Science, engineering, and social science principles are used in synthetic biology to create new technologies such mRNA vaccines and alternative meats; A novel method for bringing together established fields is produced by dissecting synthetic biology at various scales; Case studies provide a flexible, scalable method of instruction at various establishments.
Synthetic biology, the science of modifying biology, has a large number of “cooks in the kitchen,” which has contributed to its success but also made developing a coherent, consistent curriculum for students at all study levels exceptionally challenging. The disparities in teaching methods and literature among the several disciplines involved, ranging from chemical engineering to ethics, result in inconsistent outcomes for scientists.
Now, Northwestern University researchers propose a new way to teach synthetic biology that uses different levels of organization — starting at the molecular scale and growing to the societal scale — to teach core principles and a holistic view of developing sustainable synthetic biology technologies. The approach incorporates components from many disciplines, allowing people from many different backgrounds to access synthetic biology education.
A paper detailing the framework was published in the journal Nature Communications.
One of the biggest problems we saw in our students and labs are that they tend to be focused on a very specific problem.

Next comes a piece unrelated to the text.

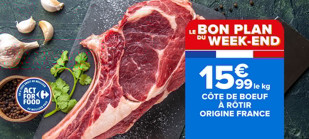 Carrefour et Market : Côte de boeuf Française 15,99€ le kg (31/10 - 02/11)

For example, if you’re looking at how CRISPR works, you might be studying the localized protein machinery that makes edits to the DNA. But if you’re going to create a technology based on CRISPR, there are many other important facets than the molecular scale workings.
Ashty Karim
“Early versions of synthetic biology courses lacked a conceptual foundation,” said Julius Lucks, a synthetic biology expert and lead author. “From an educational perspective, you saw a kind of hodgepodge depending on which department you were in. We set ourselves the challenge of trying to figure out, how can you merge all those disciplines, somehow develop a common framework and create a common language?”
Lucks is a professor of chemical and biological engineering at Northwestern’s McCormick School of Engineering and co-director of the Center for Synthetic Biology (CSB).
When genetic engineering emerged in the 1970s, the idea to reuse, repurpose and reconfigure biological systems to address challenges in society — the core of synthetic biology — became possible. With CRISPR’s advent around 1990, synthetic biology was popularized and, without any curriculum to turn to, faced an identity problem.
“One of the biggest problems we saw in our students and labs are that they tend to be focused on a very specific problem,” said Ashty Karim, a Northwestern research assistant professor of chemical and biological engineering and the paper’s first author.
“For example, if you’re looking at how CRISPR works, you might be studying the localized protein machinery that makes edits to the DNA. But if you’re going to create a technology based on CRISPR, there are many other important facets than the molecular scale workings. How does it work in the context of a cell or a population of cells within someone’s body across different tissues? How does that interact with current healthcare systems? These are discussions that we need to be having and might influence the science that we do.”
Karim is the director of research at CSB and a core member of its faculty.
From this came the idea of breaking down biology into scales, developed originally from a conversation about how most introductory biology courses present a continuum that moves from DNA to tissue to organism. There are emerging behaviors that appear at different levels of organization; society behaves differently from an organism, and so on. Synthetic biology, according to the paper, can be broken down into five components: molecular, circuit/network, cellular, biological communities and societal.
Key to the proposed framework is the presence of robust ethics at each scale.
By piloting the curriculum with undergraduate and graduate students at Northwestern, the authors said they found that different core principles, like thermodynamics and kinetics, mapped onto different scales naturally. For instance, do you need to understand a principle all the time? Or can you “ignore” it up to a certain scale?
Curriculum should also be underpinned by case studies that help learners analyze how engineering choices made at one scale affect biological function at another, assemble potential solutions to global challenges across scales and identify the impact of synthetic biology on societal goals and ethical issues. Case studies can also be tailored to the institution or instructor implementing the curriculum.
According to Lucks and Karim, who both stated that the idea “clicked” for students even on the first occasion they taught the course, presenting the technique in classes has been extremely successful. The Northwestern Center for Synthetic Biology really employs the scales concept to organize its high edge collaborative research, that’s how successful it has been.
In addition, the researchers anticipate that the curriculum may be applied much more widely. They have made ideas and resources available for others to utilize in order to customize the method to suit their requirements and interests.